If you see this error:

curl: (60) SSL certificate problem: unable to get local issuer certificate
curl: (60) SSL certificate problem: certificate has expired

curl cannot verify the server’s SSL/TLS certificate against your local certificate store. This often happens with self-signed certificates, expired certificates, hostname mismatches, or missing intermediate CA certificates. Diagnose the issue:

# View the certificate chain details
curl -vI https://api.example.com 2>&1 | grep -E "issuer|subject|expire"

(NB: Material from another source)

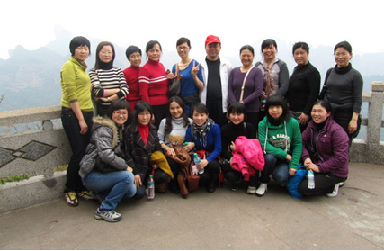 參加活動(dòng)的女職工們在南華寺門前合影。

# If the server uses a private CA, point curl to its certificate
curl --cacert /path/to/ca-bundle.crt https://api.example.com/health

On some minimal systems, the system CA bundle may be missing entirely. Install it with your package manager (ca-certificates on most distributions).

# Ubuntu and Debian
sudo apt install ca-certificates

# Fedora, CentOS Stream, AlmaLinux, and Rocky Linux
sudo dnf install ca-certificates

# Arch Linux
sudo pacman -S ca-certificates

# Alpine Linux (run as root)
apk add ca-certificates

After the CA bundle is installed or the server certificate chain is fixed, rerun the original HTTPS request without -k.

Operation Timed Out

If you see this error:

curl: (28) Connection timed out after 5001 milliseconds

The server did not respond within the allowed time. This can be caused by network issues, firewall rules blocking the port, or an overloaded server. Increase the timeout or check connectivity:

# Increase the timeout
curl --connect-timeout 30 --max-time 120 https://api.example.com/health

# Check if the host and port are reachable
curl -v --connect-timeout 5 https://api.example.com/health 2>&1 | head -5

Protocol Not Supported

If you see this error:

curl: (1) Protocol "sftp" not supported or disabled in libcurl

Your curl build does not include support for the requested protocol. Check which protocols your installation supports:

curl --version | grep Protocols

This is common on RHEL 9-based systems (CentOS Stream 9, AlmaLinux 9, Rocky Linux 9) that ship curl-minimal with only basic protocol support. Install the full curl package with sudo dnf swap curl-minimal curl to gain access to all protocols. If the message names https, reinstall the distro package and check the Protocols: line again; modern Linux curl packages should include HTTPS support.

Conclusion

The curl command is ready for downloads, API tests, TLS checks, proxy routes, and non-HTTP transfers from the same terminal workflow. Keep the option-case differences, --json shortcut, timeout flags, and -w timing variables close when you turn one-off tests into scripts.